#### [Instructions to follow]
An exact transcription of all the data is required; the pictures are to be left out.

•••

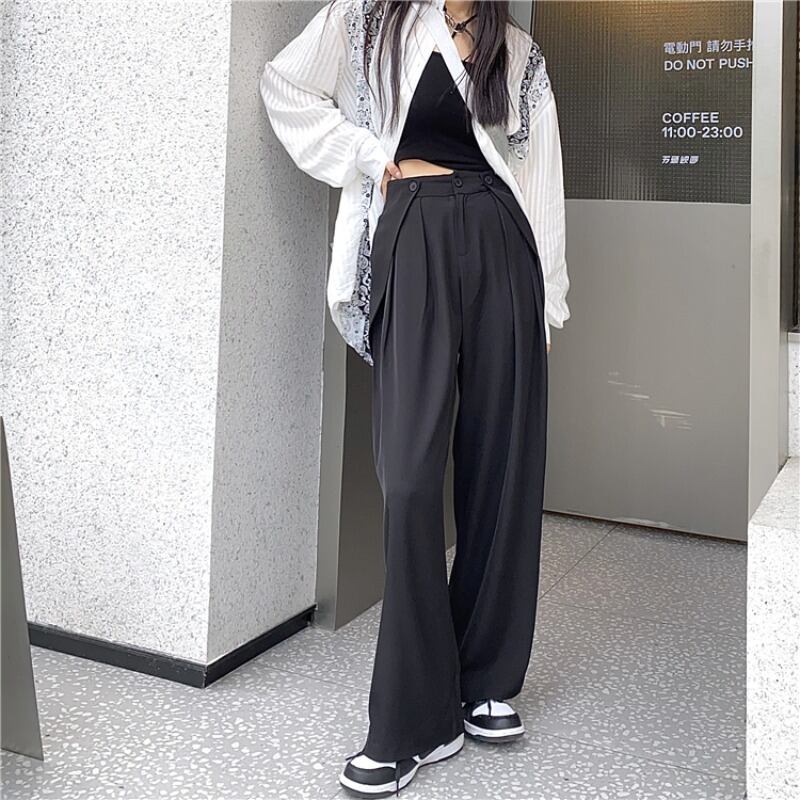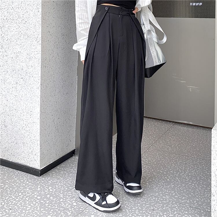 パンツ オータムスタイルスタンダードブラックカジュアルルーズハイウェストウェスト薄手ワイドレッグ レトロ 秋物 ワイドパンツ Brother_is_Style42915247278
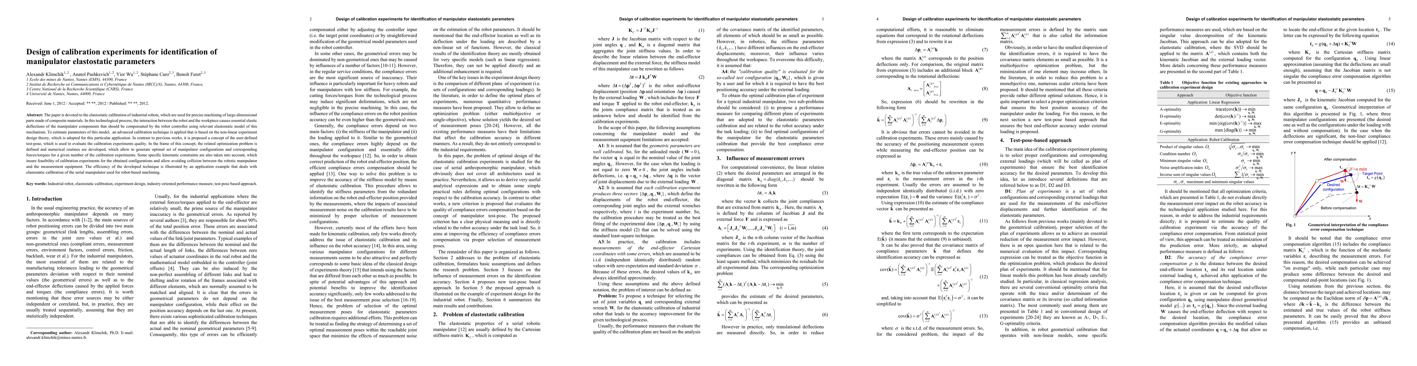 This paper presents an advanced calibration technique for industrial robots used in precise machining of large composite parts, employing non-linear experiment design to identify elastostatic parameters. It introduces a user-defined test-pose concept for evaluating calibration experiment quality, optimizing configurations and forces/torques while considering kinematic constraints to avoid collisions.
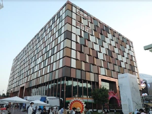 The external facade of the India Pavilion is made of 600 individual colourful blocks and is capable of kinetic movements symbolizing the theme – India on the move. The visitors also get to experience the immersive AI and VR technology at the Pavilion which transports them to a virtual India. While the traditional Indian elements showcase the rich cultural and traditional heritage of our nation, the modern architectural concepts display, economic and scientific capabilities of India.
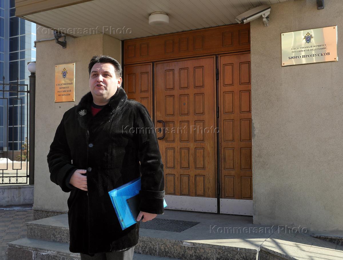 Депутат Государственной думы России от партии "Справедливая Россия" Олег Михеев (слева), против которого возбуждены уголовные дела сразу по нескольким статьям, включая мошенничество и воспрепятствование правосудию, после допроса в Следственный комитет России.
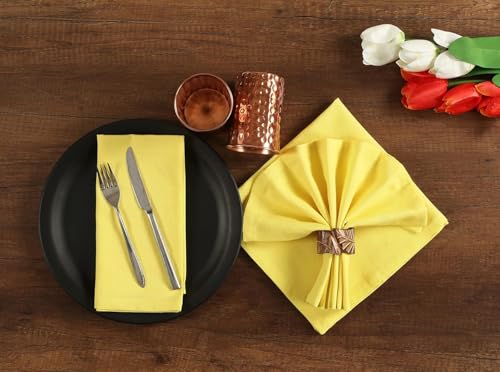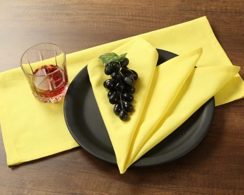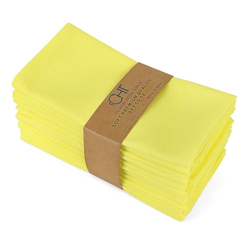 Natural Cotton Linen Napkin Set of 12 18×18 inch Dinner Napkins – Washable Soft Premium Hotel Quality Reusable Hemmed Edges Napkins Perfect Table Linens for Family Dinners, Weddings CHT (Lemon)
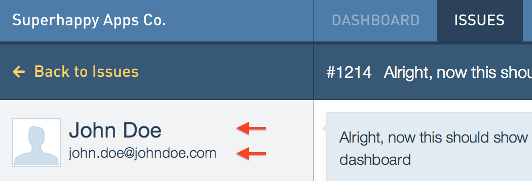 The name and email shows up in the issue's sidebar in the agent dashboard -
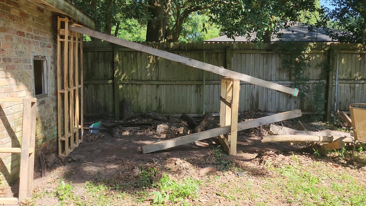 Konstrukce už má jasně daný tvar pultové střechy opřené o zeď. Jednoduché řešení šetří materiál a připravuje prostor pro dobře větraný dřevník
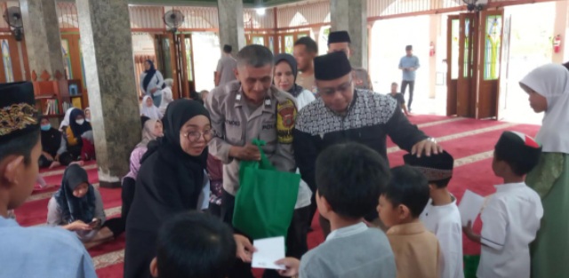 Sorotkeadilan.id -Bekasi Barat, Bhabinkamtibmas Kotabaru Aiptu Ratmoko bersama Tim Safari Ramadhan Kecamatan Bekasi Barat memberikan santunan kepada anak yatim di Masjid Al-Muhajirin Perum Bintara Jaya II RT.04 RW.05 Kelurahan Bintara Jaya Kecamatan Bekasi Barat Kota Bekasi.Jumat.(14/3-2025).
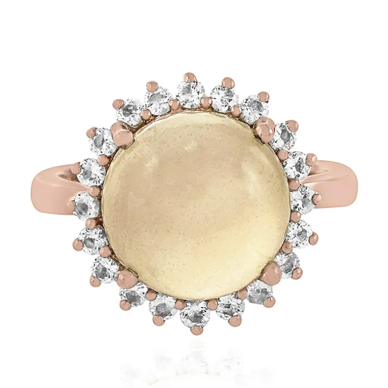 Dieser Ring aus rosévergoldetem 925er Sterlingsilber bezaubert durch seinen himmlischen Charme. Er ist mit einem exquisiten indischen Mondstein von 4,75 Karat besetzt. Sein Halo aus funkelnden weißen Topasen aus Madagaskar von insgesamt 0,444 Karat verstärkt die mystische Anziehungskraft. Der runde Cabochon-Schliff des Mittelsteins schimmert sanft und wird zum Mittelpunkt eines jeden Ensembles. Dieses Schmuckstück ist ideal, um Ihrer Alltagskleidung einen Hauch von Romantik zu verleihen oder Ihre Abendgarderobe zu akzentuieren und verspricht, eine beliebte Ergänzung für jede Schmucksammlung zu sein.
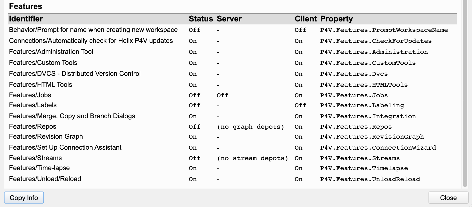 Property shows the name of the server property (see Feature-related P4V properties in Helix Core Server Administrator Guide)
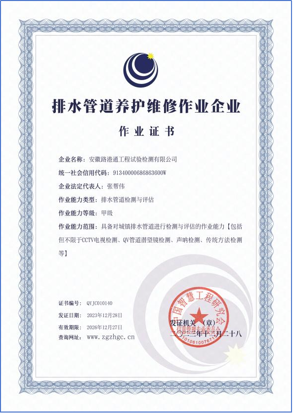 近日,安徽路港通工程試驗(yàn)檢測(cè)有限公司正式取得城鎮(zhèn)排水管道更新與非開挖修復(fù)和排水管道檢測(cè)與評(píng)估兩項(xiàng)作業(yè)能力甲級(jí)證書。
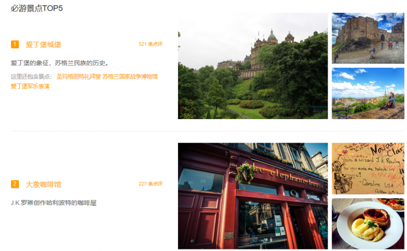 The “must-visit attractions” list for Edinburgh on Chinese travel website Mafengwo. The Elephant House, where JK Rowling wrote Harry Potter, is no. 2, topped only by Edinburgh Castle.
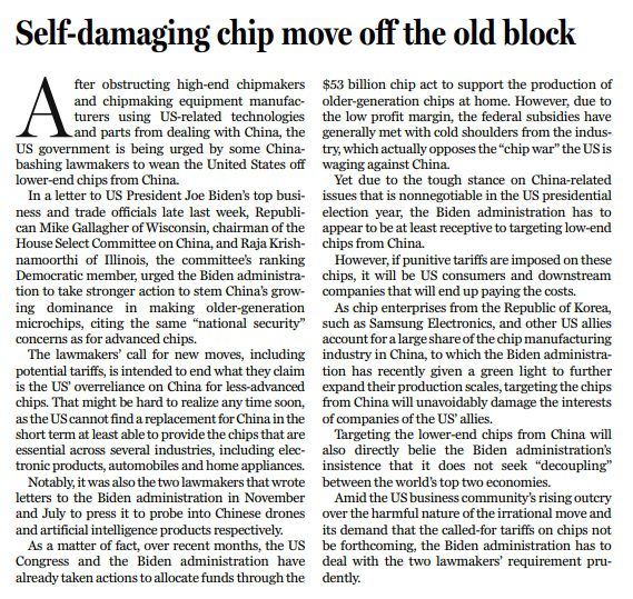 美國部分國會議員近期再次炒作中國芯片安全威脅,其行動可以說是“理智不多但傷害性不小”,加上所謂追加關(guān)稅的要求,更是在美國企業(yè)界激起極大反對之聲。與中國“脫鉤斷鏈”最終只會得不償失,究竟如何應(yīng)對,奉勸拜登政府還是審慎而行。
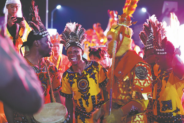 Chinese and Tanzanian acrobats interact in the acrobatic festival's parade on Sept 29. [Photo by WU XIAOHUI/CHINA DAILY]

•••

#### [Result of the task]
 パンツ オータムスタイルスタンダードブラックカジュアルルーズハイウェストウェスト薄手ワイドレッグ レトロ 秋物 ワイドパンツ Brother_is_Style42915247278
 This paper presents an advanced calibration technique for industrial robots used in precise machining of large composite parts, employing non-linear experiment design to identify elastostatic parameters. It introduces a user-defined test-pose concept for evaluating calibration experiment quality, optimizing configurations and forces/torques while considering kinematic constraints to avoid collisions.
 The external facade of the India Pavilion is made of 600 individual colourful blocks and is capable of kinetic movements symbolizing the theme – India on the move. The visitors also get to experience the immersive AI and VR technology at the Pavilion which transports them to a virtual India. While the traditional Indian elements showcase the rich cultural and traditional heritage of our nation, the modern architectural concepts display, economic and scientific capabilities of India.
 Депутат Государственной думы России от партии "Справедливая Россия" Олег Михеев (слева), против которого возбуждены уголовные дела сразу по нескольким статьям, включая мошенничество и воспрепятствование правосудию, после допроса в Следственный комитет России.
 Natural Cotton Linen Napkin Set of 12 18×18 inch Dinner Napkins – Washable Soft Premium Hotel Quality Reusable Hemmed Edges Napkins Perfect Table Linens for Family Dinners, Weddings CHT (Lemon)
 The name and email shows up in the issue's sidebar in the agent dashboard -
 Konstrukce už má jasně daný tvar pultové střechy opřené o zeď. Jednoduché řešení šetří materiál a připravuje prostor pro dobře větraný dřevník
 Sorotkeadilan.id -Bekasi Barat, Bhabinkamtibmas Kotabaru Aiptu Ratmoko bersama Tim Safari Ramadhan Kecamatan Bekasi Barat memberikan santunan kepada anak yatim di Masjid Al-Muhajirin Perum Bintara Jaya II RT.04 RW.05 Kelurahan Bintara Jaya Kecamatan Bekasi Barat Kota Bekasi.Jumat.(14/3-2025).
 Dieser Ring aus rosévergoldetem 925er Sterlingsilber bezaubert durch seinen himmlischen Charme. Er ist mit einem exquisiten indischen Mondstein von 4,75 Karat besetzt. Sein Halo aus funkelnden weißen Topasen aus Madagaskar von insgesamt 0,444 Karat verstärkt die mystische Anziehungskraft. Der runde Cabochon-Schliff des Mittelsteins schimmert sanft und wird zum Mittelpunkt eines jeden Ensembles. Dieses Schmuckstück ist ideal, um Ihrer Alltagskleidung einen Hauch von Romantik zu verleihen oder Ihre Abendgarderobe zu akzentuieren und verspricht, eine beliebte Ergänzung für jede Schmucksammlung zu sein.
 Property shows the name of the server property (see Feature-related P4V properties in Helix Core Server Administrator Guide)
 近日,安徽路港通工程試驗(yàn)檢測(cè)有限公司正式取得城鎮(zhèn)排水管道更新與非開挖修復(fù)和排水管道檢測(cè)與評(píng)估兩項(xiàng)作業(yè)能力甲級(jí)證書。
 The “must-visit attractions” list for Edinburgh on Chinese travel website Mafengwo. The Elephant House, where JK Rowling wrote Harry Potter, is no. 2, topped only by Edinburgh Castle.
 美國部分國會議員近期再次炒作中國芯片安全威脅,其行動可以說是“理智不多但傷害性不小”,加上所謂追加關(guān)稅的要求,更是在美國企業(yè)界激起極大反對之聲。與中國“脫鉤斷鏈”最終只會得不償失,究竟如何應(yīng)對,奉勸拜登政府還是審慎而行。
 Chinese and Tanzanian acrobats interact in the acrobatic festival's parade on Sept 29. [Photo by WU XIAOHUI/CHINA DAILY]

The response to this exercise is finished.